### SOURCE MATERIAL
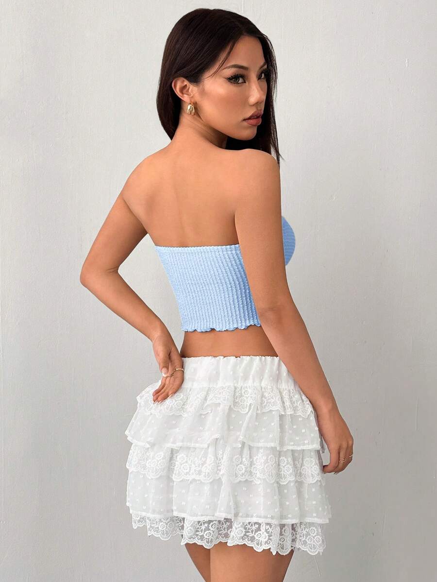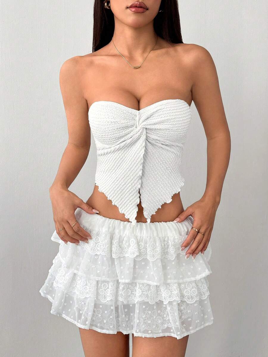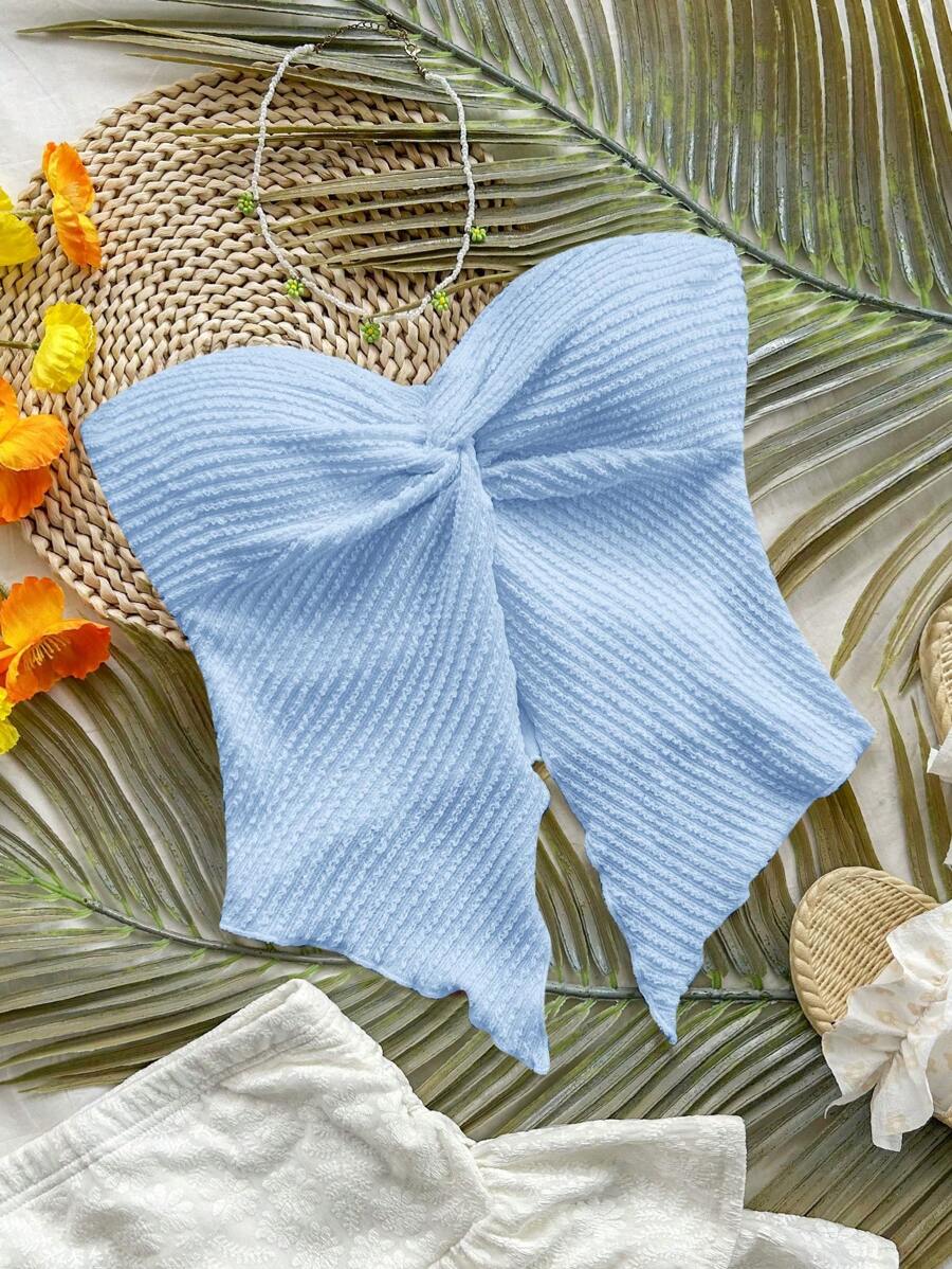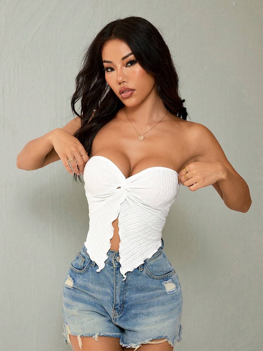 Top tubo texturizado de punto color albaricoque con borde asimetrico retorcido, chaleco para vacaciones de mujer
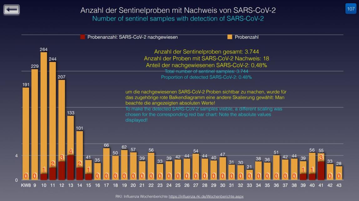 Zum Ende lasse ich euch jetzt noch allein mit einer Grafik der Sentinelproben bis KW43:
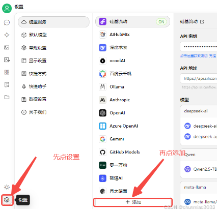 (2)或者准备部署在公有云上的大模型地址和api_key,嵌入模型使用CherryStudio提供的
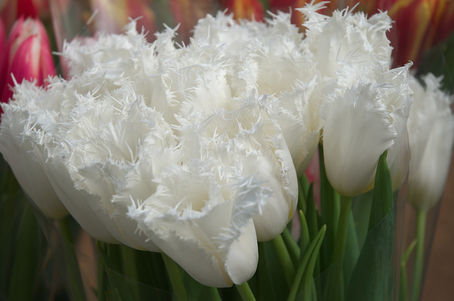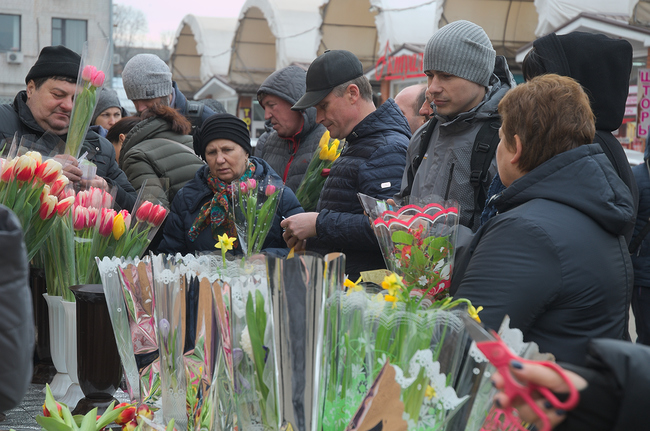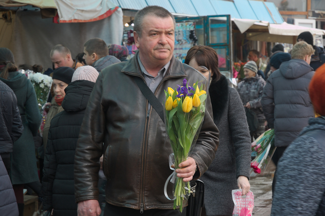 Дедушка продает тюльпаны возле «Мегацентра» у подземного перехода по 15 гривен за штуку. Продает дешево, старается все продать пока не прогнали. Чем ближе к рынку, тем выше цены. На подходе к нему, один тюльпан уже 25 гривен. В цветочных киосках возле рынка, тюльпаны по 30 гривен за штуку, розы – 60 гривен. Хризантемы – 43 гривен за ветку из пяти штук. Ветка мимозы здесь – 150 гривен.
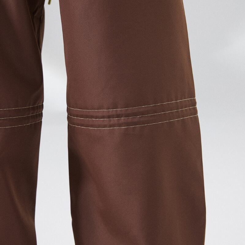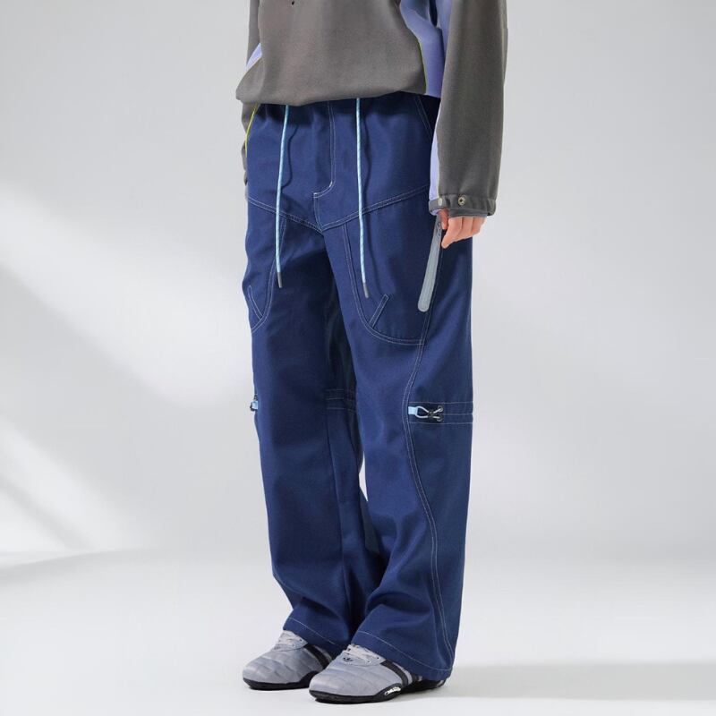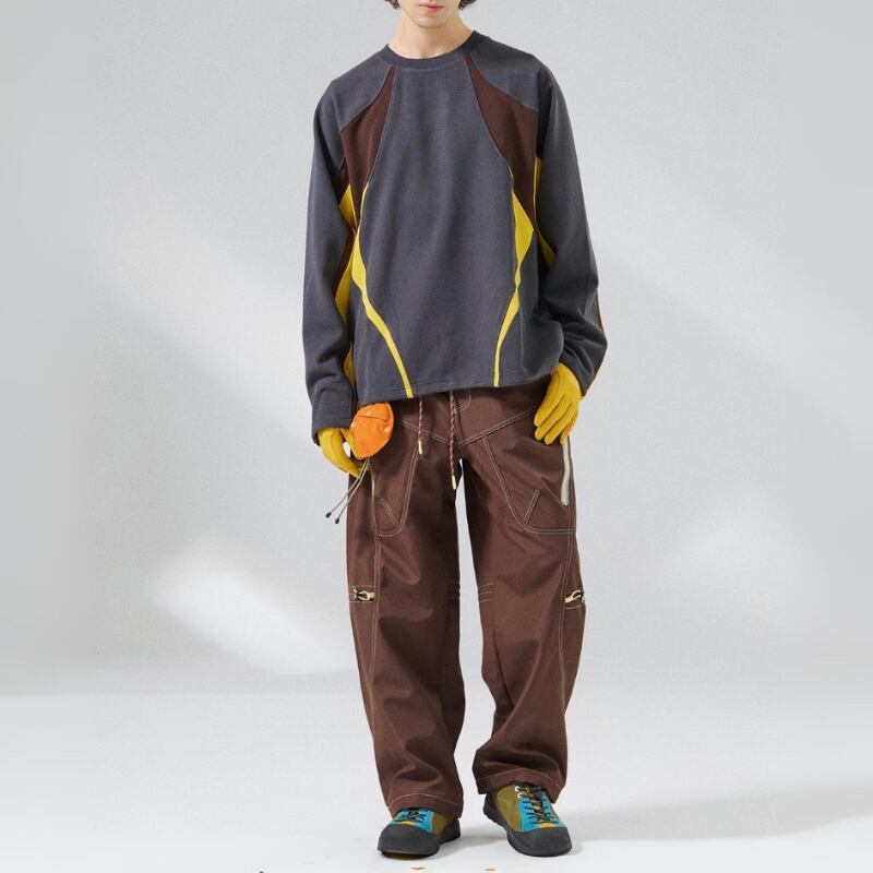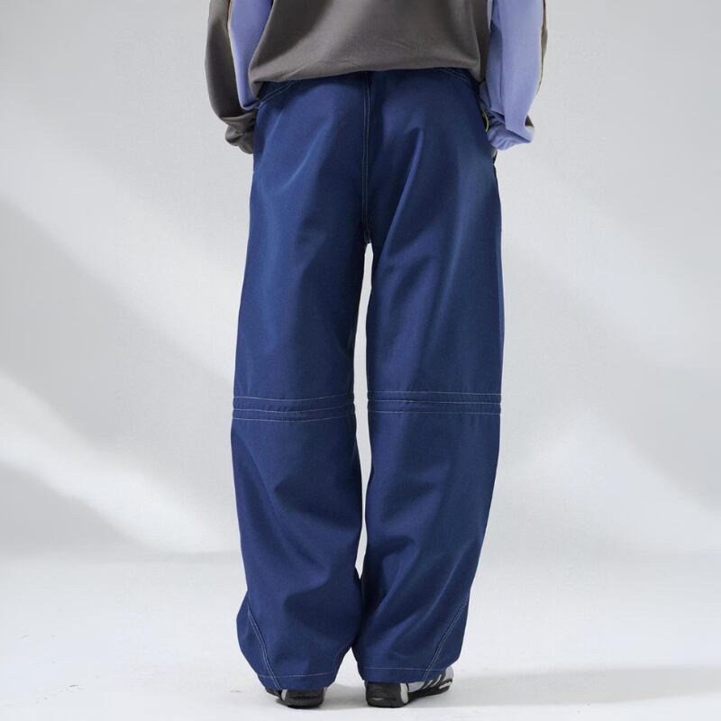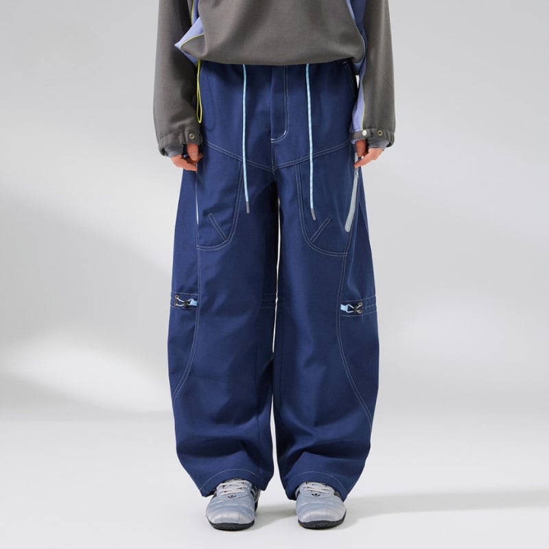 ゆとりのあるワイドシルエットに、カーブライン切替を入れたパンツ。
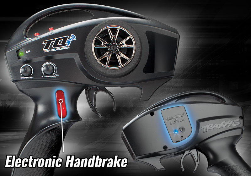 • Radio TQi con Modulo Wireless: Sfrutta tutto il potenziale del sistema Traxxas Link™. Usa il pulsante del freno a mano sulla radio per innescare la rotazione e iniziare il drift.
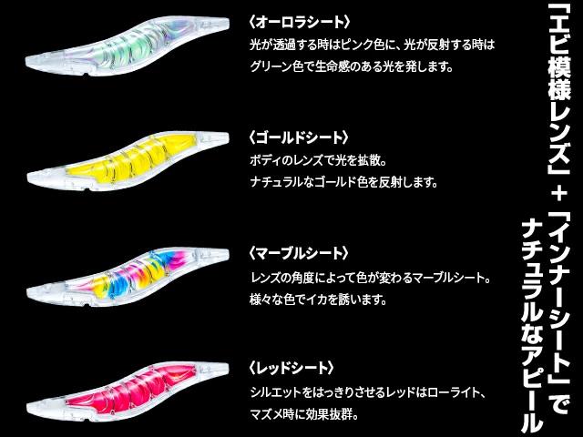 エビを再現する各パーツに加え、インナーシートの反射光がレンズを通して生命感のあるナチュラルな光になり、イカを誘います。
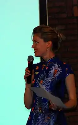 Elyse Ribbons (born October 27, 1980) is an American entrepreneur, writer, businesswoman, and playwright who lives and works in Beijing, known in China by her Chinese name Liu Suying (Chinese: 柳素英).[1] She spends time on both corporate and media work (via newspaper columns, a nationally syndicated radio show on China Radio International,[2] regular news media appearances and filming movies), and is the founder and currently the CEO of GeiLi Giving, the winner of several awards in the startup[3] and social entrepreneurial[4] space. She has authored several articles for Forbes magazine on business, culture, and life in China.[5]
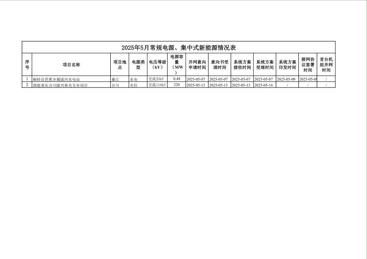 2025年5月常规电源、集中式新能源情况表
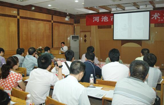 当天下午,我院在学术报告厅举行了全市医院骨科学术沙龙,由钱本文教授对髋关节生物力学、“无柄髋关节” 置换新技术进行了讲学,与参会人员共同研讨了无柄髋关节置换新技术的临床应用及技术推广。来自河池市各县、市、区医院骨科主任及业务骨干76人参加了骨科学术沙龙及现场手术观摩。
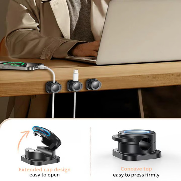 Utrzymuje przewody ładujące w porządku i zapobiega ich spadaniu z biurka.
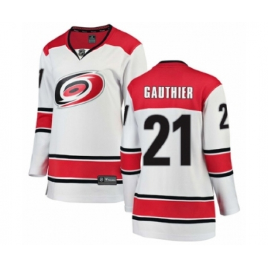 >Women's Carolina Hurricanes #21 Julien Gauthier Authentic White Away Fanatics Branded Breakaway NHL Jersey
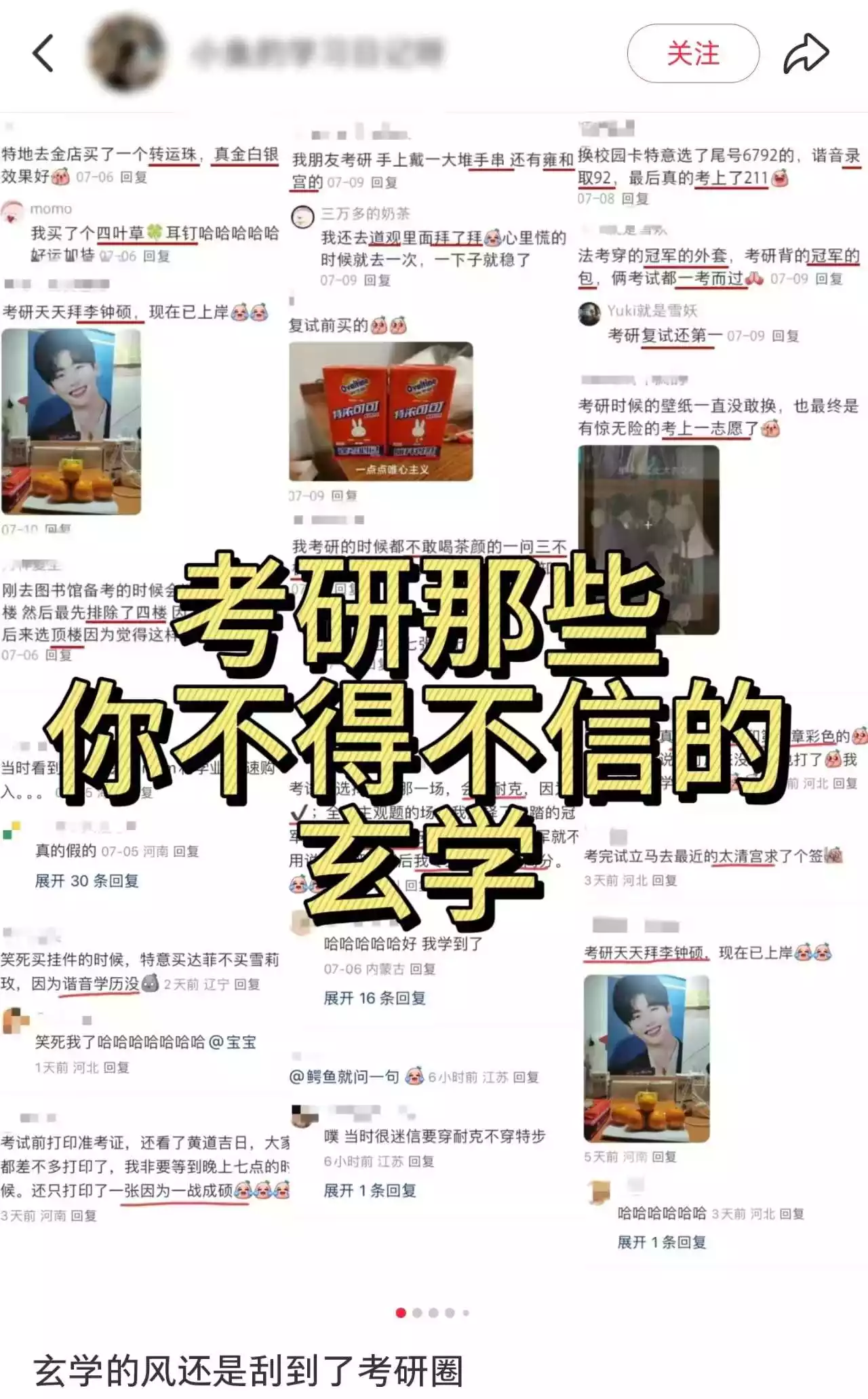 在考研话题下,超过半数的互动帖含有“玄学”元素。考生们自发形成一套完整的神秘主义体系:转发特定色系的“上岸神图”,在凌晨准点发布祈福弹幕,甚至衍生出“复试前吃紫色食物”(紫定胜)的饮食戒律。这种看似荒诞的行为,实则是将现实压力转化为可操作的“电子仪式”。
######
_TASK_
All that is needed is the lines from the line holding "2025年5月常规电源、集中式新能源情况表" to the final line of the listing above, repeated exactly, pictures excluded.

_ANSWER TO THIS EXERCISE_
 2025年5月常规电源、集中式新能源情况表
 当天下午,我院在学术报告厅举行了全市医院骨科学术沙龙,由钱本文教授对髋关节生物力学、“无柄髋关节” 置换新技术进行了讲学,与参会人员共同研讨了无柄髋关节置换新技术的临床应用及技术推广。来自河池市各县、市、区医院骨科主任及业务骨干76人参加了骨科学术沙龙及现场手术观摩。
 Utrzymuje przewody ładujące w porządku i zapobiega ich spadaniu z biurka.
 >Women's Carolina Hurricanes #21 Julien Gauthier Authentic White Away Fanatics Branded Breakaway NHL Jersey
 在考研话题下,超过半数的互动帖含有“玄学”元素。考生们自发形成一套完整的神秘主义体系:转发特定色系的“上岸神图”,在凌晨准点发布祈福弹幕,甚至衍生出“复试前吃紫色食物”(紫定胜)的饮食戒律。这种看似荒诞的行为,实则是将现实压力转化为可操作的“电子仪式”。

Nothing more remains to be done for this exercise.